Studi ini menunjukkan bahwa model prediksi dapat bermanfaat dalam memprediksi
hasil neuropsikologis jangka pendek di rumah sakit pada pasien yang menderita cedera otak
akibat trauma. Penelitian ini memiliki beberapa keterbatasan, pertama-tama mengingat bahwa
tujuannya adalah untuk mengidentifikasi konsekuensi neuropsikologis terkait dengan TBI
dan tidak terkait dengan faktor lainnya, pengecualian pasien dengan riwayat alkohol pra-
morbid dan penyalahgunaan narkoba menciptakan bias dan tidak sepenuhnya mencerminkan
populasi pasien dengan TBI yang dirawat ke pusat trauma. Selain itu, generalisasi ke populasi
yang lebih luas dari pasien dengan TBI ringan seharusnya dilakukan dengan hati-hati karena
pasien dengan TBI ringan termasuk dalam penelitian ini mungkin lebih parah atau kompleks
daripada mereka yang tidak dirawat di rumah sakit karena cedera mereka. Akhirnya, jumlah
tes yang digunakan dalam penelitian ini terbatas dan tidak memberikan profil neuropsikologis
yang lengkap (contohnya fungsi pra-morbid seperti IQ). Dalam rehabilitasi akut pengaturan,
karena keterbatasan lingkungan dan yang terkait untuk berbagai gangguan (yaitu penglihatan
ganda, tidak dapat menulis karena cedera pada tangan), sulit untuk menemukan metode
penilaian yang bisa digunakansecara adil dan setara oleh semua pasien dengan TBI ringan,
sedang dan sangat parah. Jadi, fakta bahwa beberapa pasien perlu dikeluarkan karena alasan
seperti yang disebutkan di atas yang dapat menyebabkan bias.

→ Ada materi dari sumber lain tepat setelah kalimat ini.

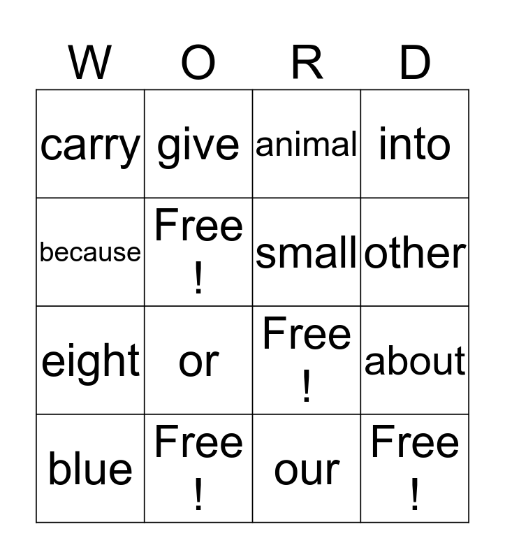 This bingo card has 16 words: Free !, about, animal, carry, eight, give, Free !, our, because, Free !, blue, into, or, other, small and Free !.
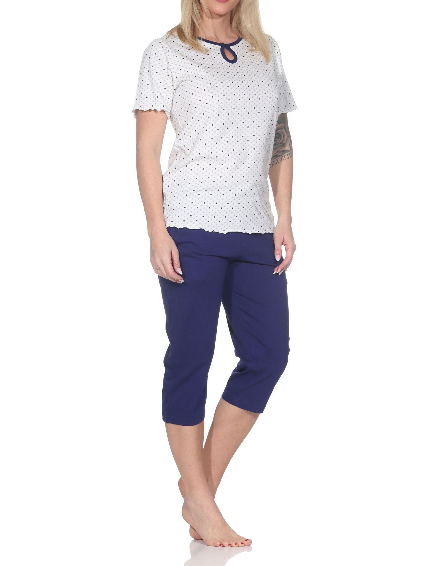Normann Damen Capri Schlafanzug kurzarm Shorty in Tupfen Punkte Optik – auch in Übergröße
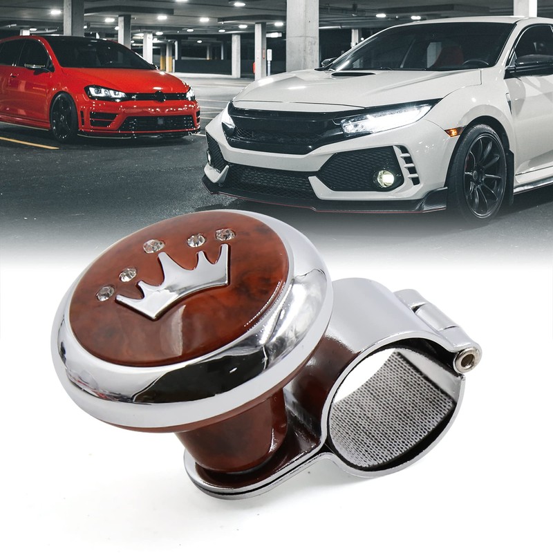 uxcell Brown Crown Pattern Design Steering Wheel Knob Power Handle for Auto Car

Meskipun terdapat ketrbatasan pada penelitian ini, temuan penelitian ini dapat
memengaruhi pengambilan keputusan klinis. Kami percaya bahwa hasil penelitian kami akan
membantu para profesional kesehatan dan administrator yang bekerja di fasilitas rehabilitasi
akut untuk lebih memahami prediktor gangguan kognitif dan gangguan pada pasien trauma
dengan cedera otak . Ini juga akan membantu mengatur dan merencanakan layanan awal
(misalnya rehabilitasi kognitif, pengawasan, tindak lanju) untuk memberi tahu pasien
mengenai prognosis neuropsikologis. Misalnya estimasi defisit kognitif yang terjadi pasca
trauma, berdasarkan prediksi awal seperti panjang PTA, dapat membantu tim perawatan
mengembangkan pengembangan rencana rehabilitasi awal yang terstruktur dalam intensitas
dan kompleksitas. Apalagi dengan temuan kami, kami sarankan menggunakan hasil pada
GOAT instrumen bukan skor GCS untuk memprediksi hasil akut. Dalam syarat prediksi akut
defisit perilaku awal, temuan kami mungkin penting dari sudut pandang klinis karena
intervensi khusus biasanya diperlukan. Intervensi ini dmencakup konsultasi psikiatrik,
penggunaan kamar terisolasi dan aman dengan stimulasi tingkat rendah, perawatan medis
dan keperawatan yag khusus, dan penggunaan orientasi sistematis program-program seperti
the North Star Program. Mengetahui probabilitas defisit perilaku akan memungkinkan dokter
untuk berurusan dengan keluarga pasien untuk memberi tahu mereka mengenai kemungkinan
gejala sisa dalam domain ini.

Kesimpulannya, penelitian ini mengisi celah pada literatur mengenai hasil prilaku dan
dan kognitif pada pasien trauma dengan cedera otak. Pada akhirnya, penelitian lebih lanjut
diperlukan agar dapat menjelaskan keterbatasan pada penelitian ini dan untuk lebih
memahami hasil perilaku dan kognitif akut pada pasien.